Volvox and its relatives are a great model system for understanding the evolution of multicellularity. Their simplicity (relative to most other multicellular groups) and the variety of ‘intermediate’ species (‘intermediate’ in terms of size and complexity) make them especially suitable for comparative studies of their morphology, development, genetics, genomics, and so on. David Kirk’s book on the topic thoroughly reviews the work done up through the late ’90s, and advances since then have only increased the pace of discovery.

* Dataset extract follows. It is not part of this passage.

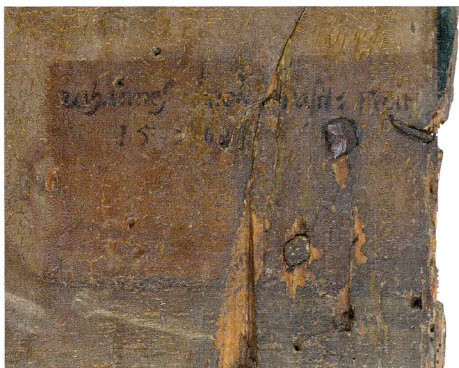
Fig.2 Triptyque de saint Théodule, de Hans Bock l'Ancien (vers 1550–1624), 1596. Sion, Musée d'histoire du Valais, dépôt du chapitre cathédral de Sion. Détail de la signature.

forme écrite sous le titre de Vita beati Theodori episcopi sedunensis , rédigée par le moine pèlerin nommé Ruodpert. Sur le modèle d'une histoire racontée, le style narratif semble indiquer que l'auteur a collecté des récits d'actions traditionnellement attribuées à notre évêque. Si ce texte n'est pas construit sur le modèle classique des hagiographies rapportant des éléments de l'enfance du saint, sa conversion, ses miracles et enfin sa mort en odeur de sainteté, il a le mérite de renseigner sur trois épisodes précis de la vie de Théodule.

But in the last ten years or so, I would argue that the volvocine algae have emerged as a leading model system for an entirely different set of questions related to the evolution of the sexes. Males and females are defined by the gametes they produce, and the sexes came into existence when their gametes diverged into two different types. The existence of different male and female gametes (sperm and eggs, in most cases) is called anisogamy, and the ancestral condition of similar gametes is isogamy.

In 2006, Hisayoshi Nozaki and colleagues reported that volvocine males evolved from the minus (isogamous) mating type. To the best of my knowledge, this is the only group for which we know this. Since then, more clues have been forthcoming, and these were competently reviewed last year by Takashi Hamaji and colleagues. A new paper in PLoS ONE, by Kayoko Yamamoto and colleagues, adds another piece to the puzzle.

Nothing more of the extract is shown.